🧠 Gameplay & Mechanics
- 🌪️ Control a rotating cannon at the center of the screen.
- 🟢 Colored balls travel along a fixed path toward the endpoint.
- 🎯 Shoot balls to form groups of 3+ matching colors to eliminate them.
- ⏳ Progressive difficulty: increased speed and ball variety over time.
🛠 Key Features
- 🖼️ Optimized Graphics Rendering: Direct pixel manipulation for smooth visuals in real mode.
- 💾 Efficient Memory Usage: Minimal stack/heap footprint for state management.
- 🎨 Color Matching Engine: Real‑time collision detection and match logic between fired balls and chain.
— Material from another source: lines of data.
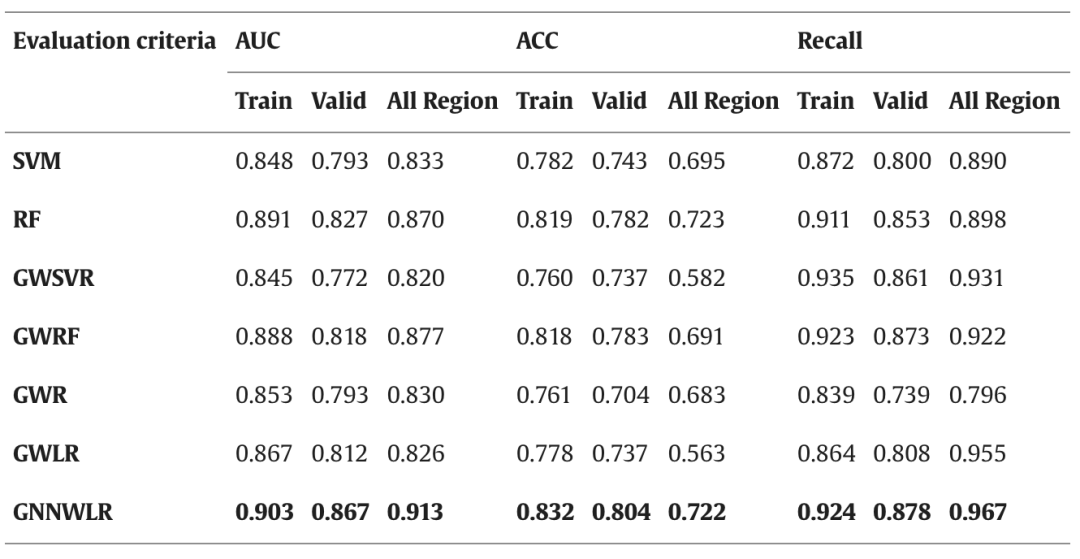 在该研究中,研究人员还针对目前最为常见的地理加权回归 (GWR)、支持向量机 (SVM)、随机森林 (RF)、地理加权逻辑回归 (GWLR)、地理加权支持向量回归 (GWSVR)、随机森林 (GWRF) 模型进行比较。
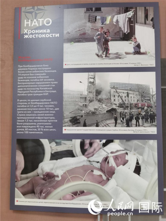 现场展出的揭露北约暴行图片。人民网记者 荣翌摄
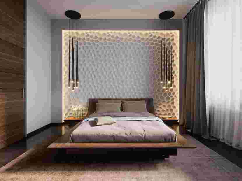 Конструкции из стекла и инновационные проекты по дизайну спален зачастую содержат прозрачные раздвигающиеся системы на базе тонкого дюралевого профиля и стекла. Внутренняя раздвигающаяся установка довольно функциональна с точки зрения использования, так как забирает мало места в пространстве, практично открывается и закрывается.
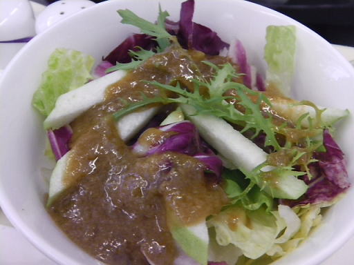 前菜のサラダには、「チャイナエアライン特製ガーリックドレッシング」をかけました。このガーリックドレッシング、とてもおいしかったです。
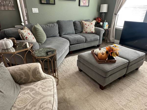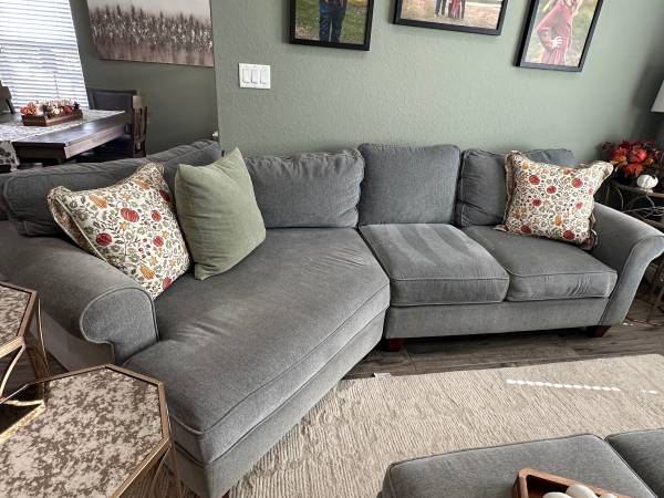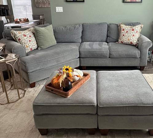 Gray cuddler sofa with 2 ottomans from Havertys. In great condition. No stains no tears no rips. Recently cleaned, smoke free home. We do have pets, but they are not allowed on the furniture.
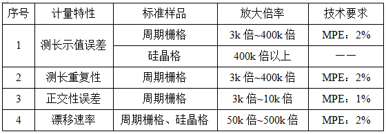 儀器在校準過程中需要考慮的環(huán)境條件包括溫度:(20±5)℃,濕度:≤70%RH,其中,實驗室震動和電磁輻射應不影響測量結(jié)果。而儀器的校準項目所采用的標準樣品是周期柵格、硅晶格等,可根據(jù)計量特性、儀器測量范圍和實際使用情況選用相適應的標準樣品。

- 📈 Score & High Score Tracking: File I/O to persist scores across sessions.
- ⌨️ Real‑Time Input Handling: Interrupt‑driven keyboard controls for precise aim/shoot.
- 🔥 Multiple Difficulty Levels: Gameplay speeds up and adds complexity as you progress.
💻 Tech Stack
| Technology | Purpose |
|---|---|
| x86 Assembly | Core game logic and hardware‑level control |
| Irvine32 Library | Graphics, input, and file I/O support |
| DOSBox / EMU8086 | Runtime environment for testing |
| Interrupts (INT 10h, 21h) | Screen rendering, keyboard, and file handling |
🏁 How to Run
- Ensure you have an x86‑compatible emulator (e.g., DOSBox, EMU8086, or MASM on Windows).
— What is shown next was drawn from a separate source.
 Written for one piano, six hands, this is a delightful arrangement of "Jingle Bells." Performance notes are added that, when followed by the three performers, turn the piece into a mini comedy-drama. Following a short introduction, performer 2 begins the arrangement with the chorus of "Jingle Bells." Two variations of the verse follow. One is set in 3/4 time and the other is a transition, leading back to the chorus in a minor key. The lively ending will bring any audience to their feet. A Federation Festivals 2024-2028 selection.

- Include the Irvine32 library and related
.liband.incfiles in your project directory. - Assemble, link, and run the program from your emulator/IDE.
git clone https://github.com/rauf17/Zuma-Game-Clone---x86-Assembly.git
cd Zuma-Game-Clone---x86-Assembly
; Open in your assembler/IDE (MASM/DOSBox/EMU8086), include Irvine32, build & run
🎯 Learning Outcomes
- Deep understanding of memory management, interrupt handling, and graphics programming in Assembly.
- Experience designing a complete game loop: input, rendering, state, and file persistence.
- Sharpened debugging skills for low‑level, performance‑critical code.
📦 Repository
Academic/Showcase Project — Low‑level game built for learning and performance.